(Beginning of RECORDS TO PROCESS)

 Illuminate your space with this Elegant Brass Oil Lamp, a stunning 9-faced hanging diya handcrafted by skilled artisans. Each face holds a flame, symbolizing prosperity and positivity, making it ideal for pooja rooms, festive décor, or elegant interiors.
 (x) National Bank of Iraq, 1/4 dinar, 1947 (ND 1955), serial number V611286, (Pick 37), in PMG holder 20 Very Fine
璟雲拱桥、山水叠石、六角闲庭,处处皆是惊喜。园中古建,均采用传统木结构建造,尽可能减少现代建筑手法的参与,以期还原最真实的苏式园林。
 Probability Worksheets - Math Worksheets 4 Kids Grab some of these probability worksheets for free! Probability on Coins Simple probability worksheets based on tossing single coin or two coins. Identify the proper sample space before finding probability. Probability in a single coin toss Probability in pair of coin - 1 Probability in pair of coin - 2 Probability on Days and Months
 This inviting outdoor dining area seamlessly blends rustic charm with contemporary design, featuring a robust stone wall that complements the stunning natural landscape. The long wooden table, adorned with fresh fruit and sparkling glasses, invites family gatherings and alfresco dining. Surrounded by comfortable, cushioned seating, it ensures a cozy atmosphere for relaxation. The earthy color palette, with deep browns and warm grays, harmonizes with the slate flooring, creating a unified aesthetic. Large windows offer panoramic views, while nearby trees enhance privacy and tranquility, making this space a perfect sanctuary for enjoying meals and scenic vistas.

(End of RECORDS TO PROCESS)
(Beginning of RECORDS TO PROCESS)

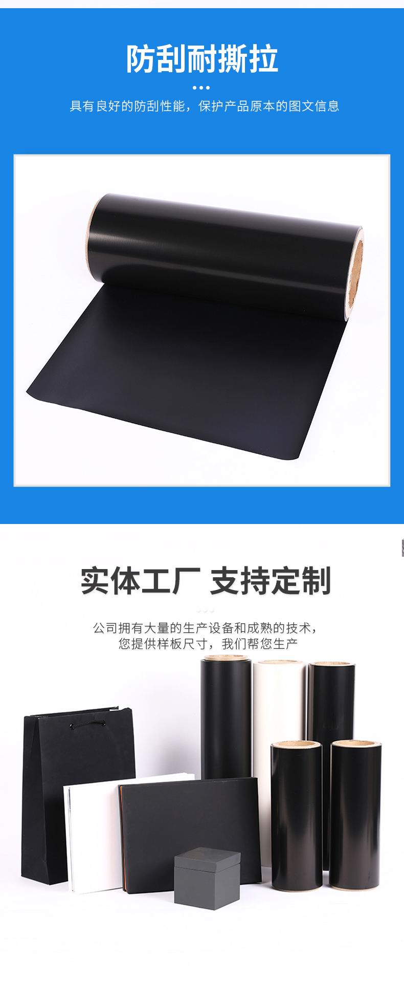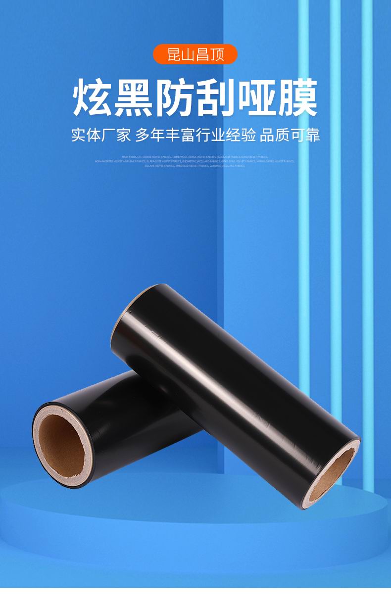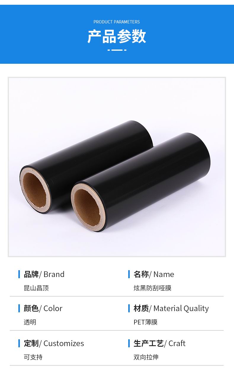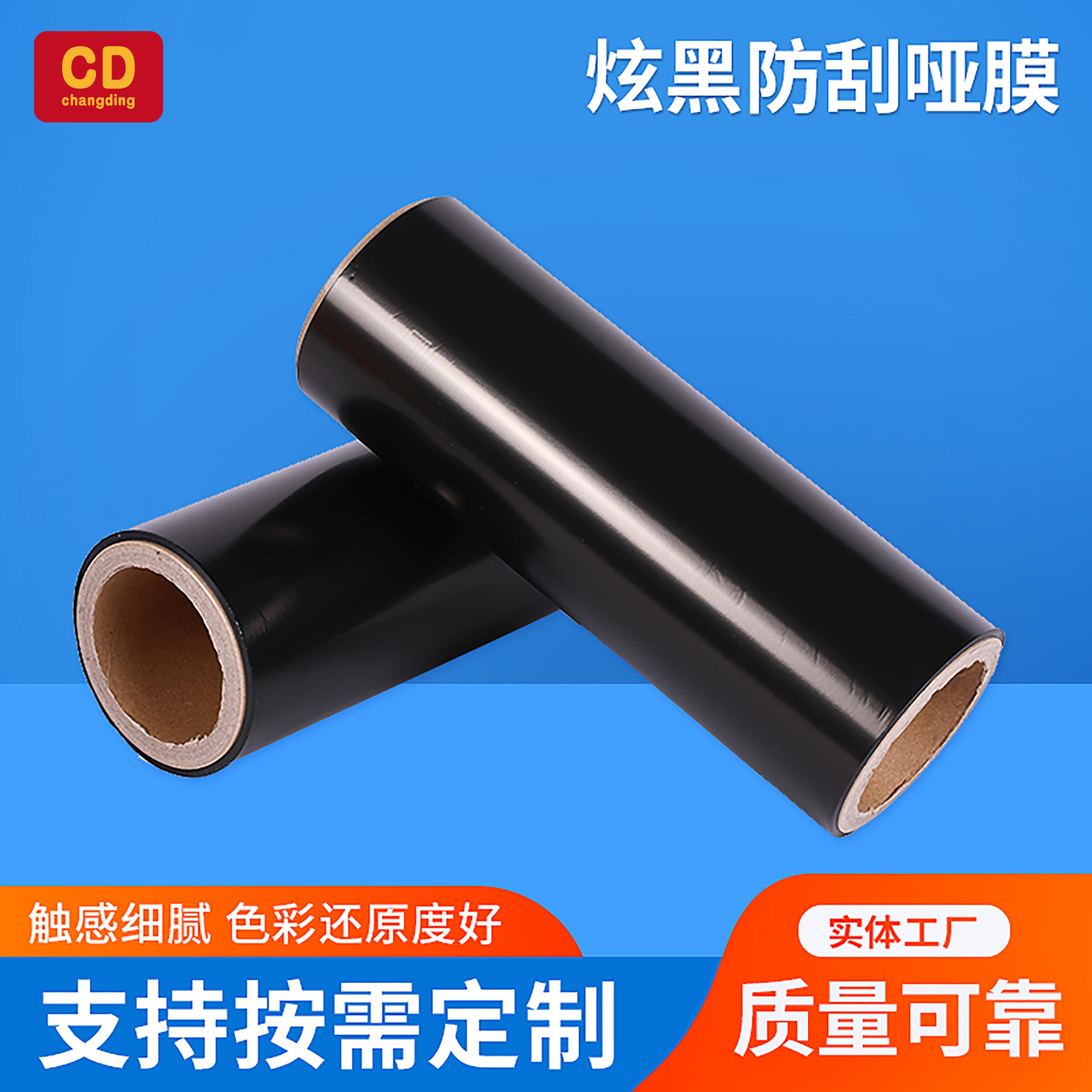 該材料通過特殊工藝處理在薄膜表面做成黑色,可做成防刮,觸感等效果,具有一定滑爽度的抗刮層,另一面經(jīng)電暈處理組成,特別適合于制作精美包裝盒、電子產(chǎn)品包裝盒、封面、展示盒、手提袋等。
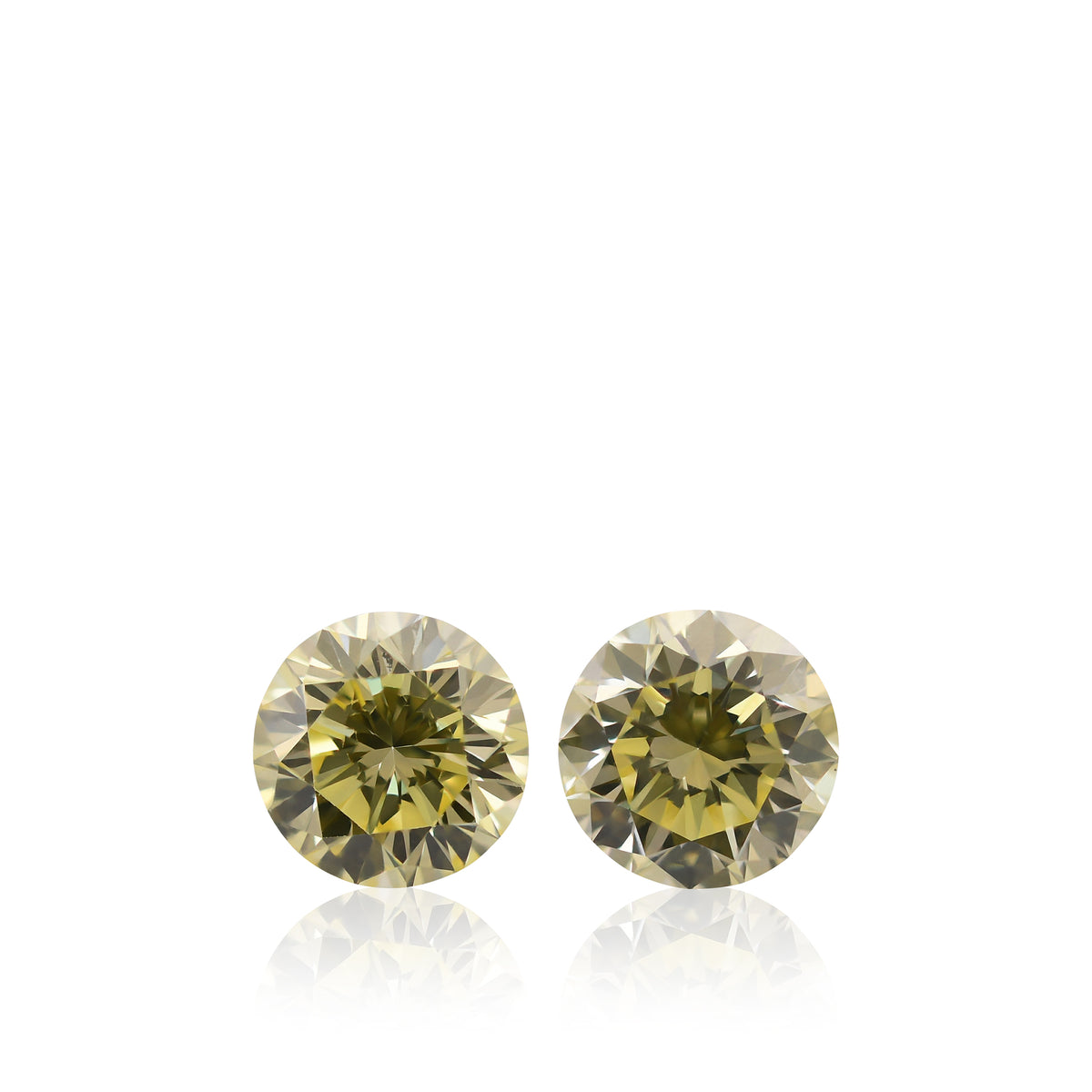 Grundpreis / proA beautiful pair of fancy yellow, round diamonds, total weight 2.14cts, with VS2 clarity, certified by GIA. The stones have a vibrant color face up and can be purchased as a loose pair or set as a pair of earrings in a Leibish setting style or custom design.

(End of RECORDS TO PROCESS)

- EXERCISE DESCRIPTION:
Given the data above, transcribe exactly the lines from the one containing "Illuminate your space" down to the one containing "璟雲拱桥、山水叠石、六角闲庭", and no others.

- EXPECTED ANSWER:
 Illuminate your space with this Elegant Brass Oil Lamp, a stunning 9-faced hanging diya handcrafted by skilled artisans. Each face holds a flame, symbolizing prosperity and positivity, making it ideal for pooja rooms, festive décor, or elegant interiors.
 (x) National Bank of Iraq, 1/4 dinar, 1947 (ND 1955), serial number V611286, (Pick 37), in PMG holder 20 Very Fine
璟雲拱桥、山水叠石、六角闲庭,处处皆是惊喜。园中古建,均采用传统木结构建造,尽可能减少现代建筑手法的参与,以期还原最真实的苏式园林。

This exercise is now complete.